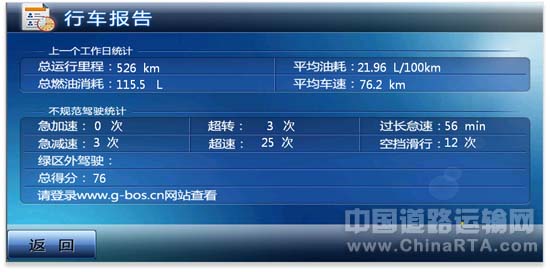 马永升表示,除了上述功能之外,G-BOS还可以进行故障预警,离合器打滑了、空滤该换了都有预警。“有一次我们通过数据发现一辆车的刹车距离过长,我们立即检查了该车的刹车系统,检查ABS的探头,发现是探头脏了,缓速器就不起作用了,追查到是上次保养的时候没有清洗干净,探头上留有黄油。可见,它对安全管理也有很大帮助。再比如说驾驶员没关好车门就开车,行驶中突然倒车,应该一挡起步他二挡起步,都可以看出来,这时候我们会电话联系驾驶员提醒他规范操作、安全驾驶。有的驾驶员出门晚了,为了赶时间而超速行驶,这也是安全隐患,G-BOS对超速车辆也会进行提醒。另外,车速过慢也不行,因为被撞也是一种损失,这些不规范行为都可以通过G-BOS了解到。我们安装G-BOS的目的不是防备、监视驾驶员,而是为了防患于未然,在它面前,谎言将被‘打回原形’,它在实时管理上的帮助不仅可以让车队的管理上一个台阶,而且对于驾驶员个人来说百利而无一害。”马永升如是说。
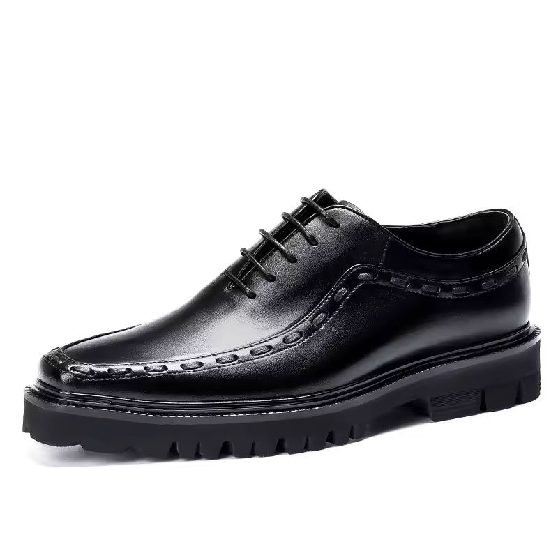 รองเท้าอ็อกซ์ฟอร์ดหนังแท้แบบผูกเชือกสำหรับผู้ชาย สไตล์ทางการ รุ่นใหม่ปี 2025 หัวเหลี่ยม พื้นหนา เพิ่มความสูง กันลื่น
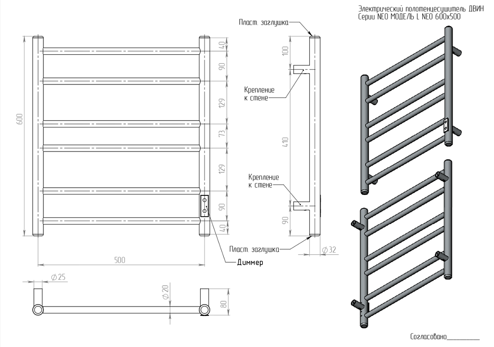 Полотенцесушитель электрический Двин L Neo 4656759179137 60х50 см
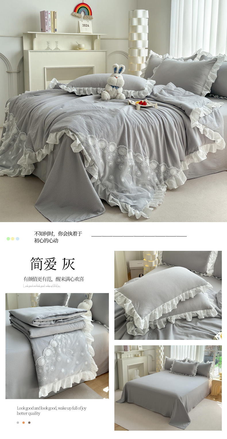 商品名称:唐人居 2025新款韩版花边泡泡纱夏被四件套--简爱 简爱 灰
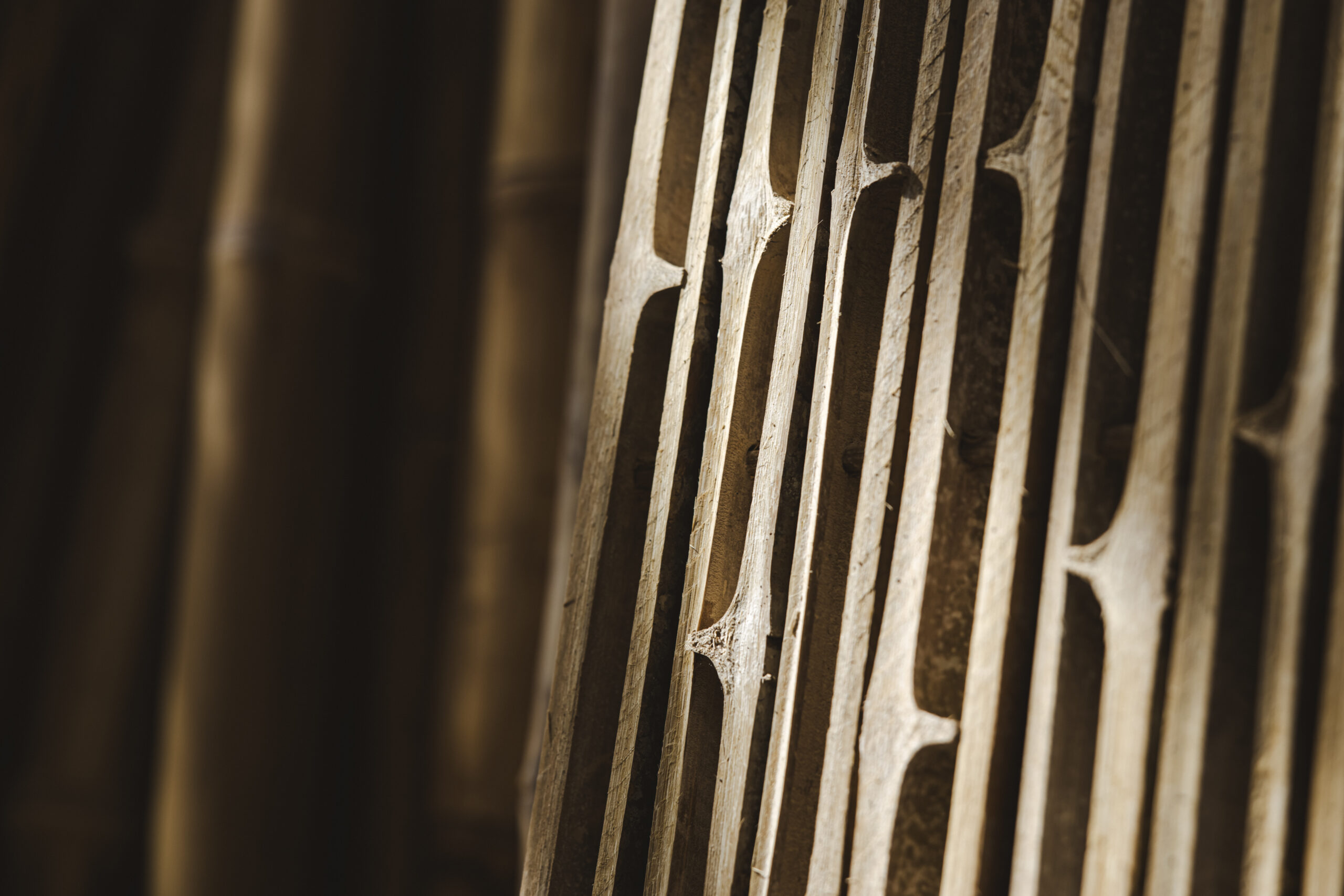 Handwerkliches Geschick umschlingt einen Bambusstamm.
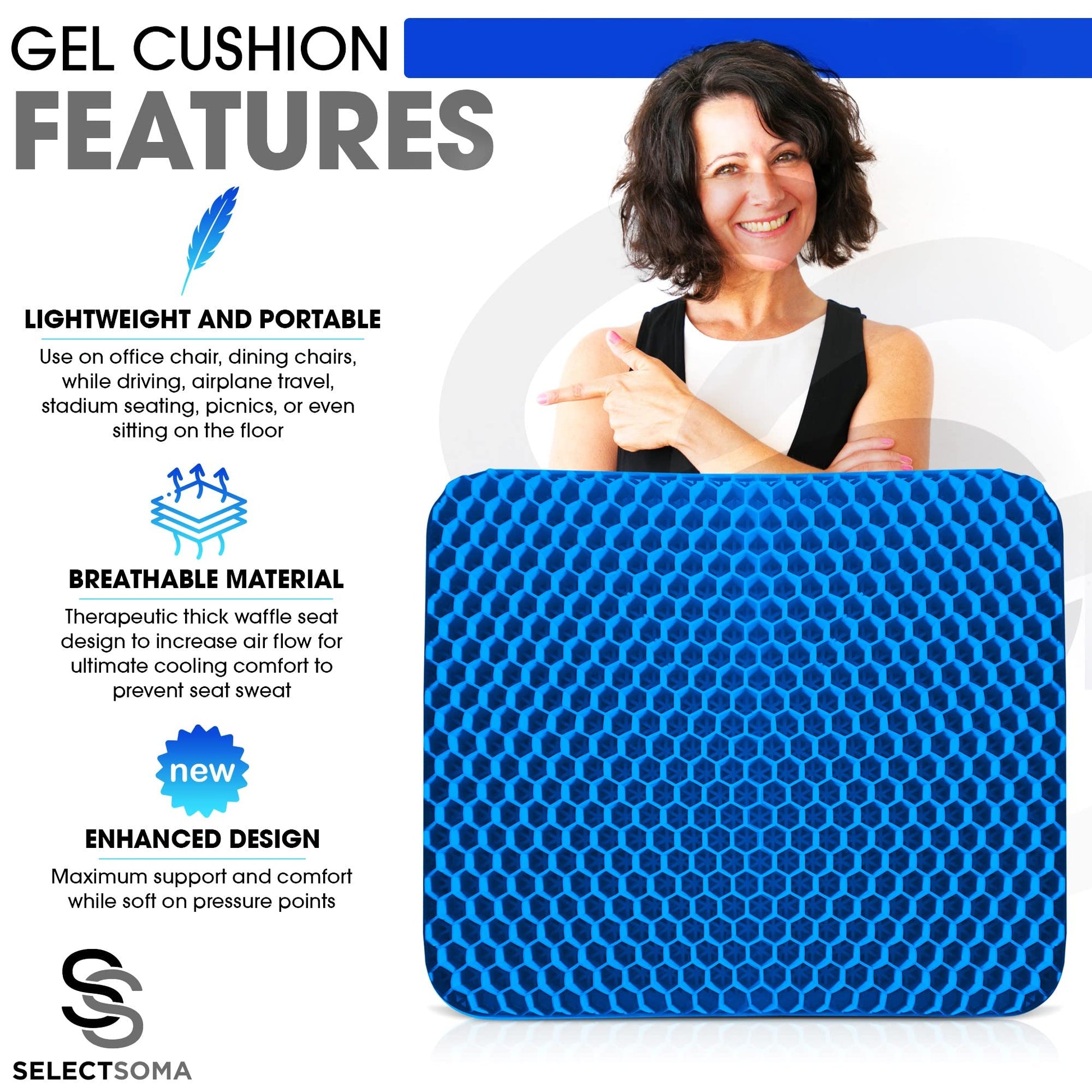 • While other Gel Cushions are too small, uncomfortable, and not enough support, the SelectSoma Enhanced Blue High Grade Gel Cushion with Double Thickness is Large and provides Maximum Support for Complete Comfort while being Soft on Pressure Points.
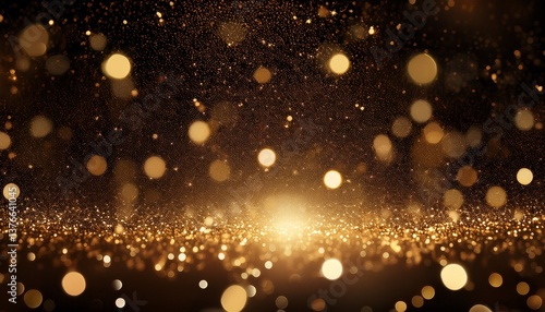 abstract dark brown and gold particle backdrop christmas golden light shed bokeh particles over a background of black gold foil appearance holiday idea
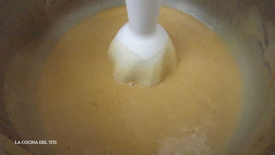 3º Retiramos las patatas, guindillas y laurel, pasamos la salsa por la batidora
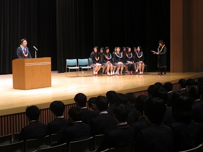 中川高等部校長による歓迎の辞 パク教頭先生による訪問の挨拶
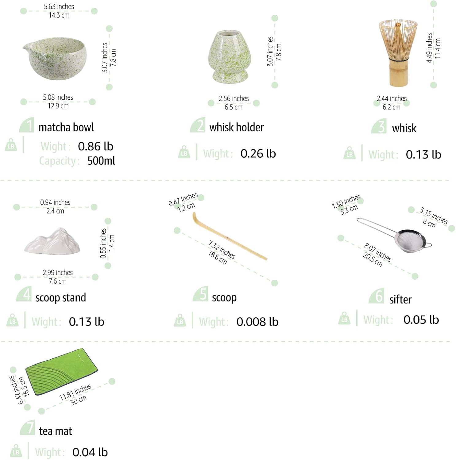- Complete Set Contents: Includes ceramic bowl (chawan), bamboo whisk, bamboo scoop (chashaku), ceramic whisk holder, ceramic scoop stand, cotton tea cloth (chakin), and matcha powder sifter
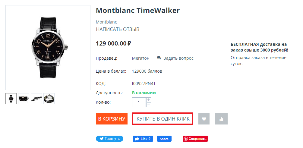 - Включить опцию “Купить в один клик” — Поставьте галочку, если хотите отображать кнопку Купить в один клик на детальной странице товара на витрине.
_ _ _ _
Problem details
Taking the records above, print only and exactly the lines from the line with "Полотенцесушитель электрический Двин" to the line with "on Pressure Points.", both kept, and exclude pictures.

Answer below
 Полотенцесушитель электрический Двин L Neo 4656759179137 60х50 см
 商品名称:唐人居 2025新款韩版花边泡泡纱夏被四件套--简爱 简爱 灰
 Handwerkliches Geschick umschlingt einen Bambusstamm.
 • While other Gel Cushions are too small, uncomfortable, and not enough support, the SelectSoma Enhanced Blue High Grade Gel Cushion with Double Thickness is Large and provides Maximum Support for Complete Comfort while being Soft on Pressure Points.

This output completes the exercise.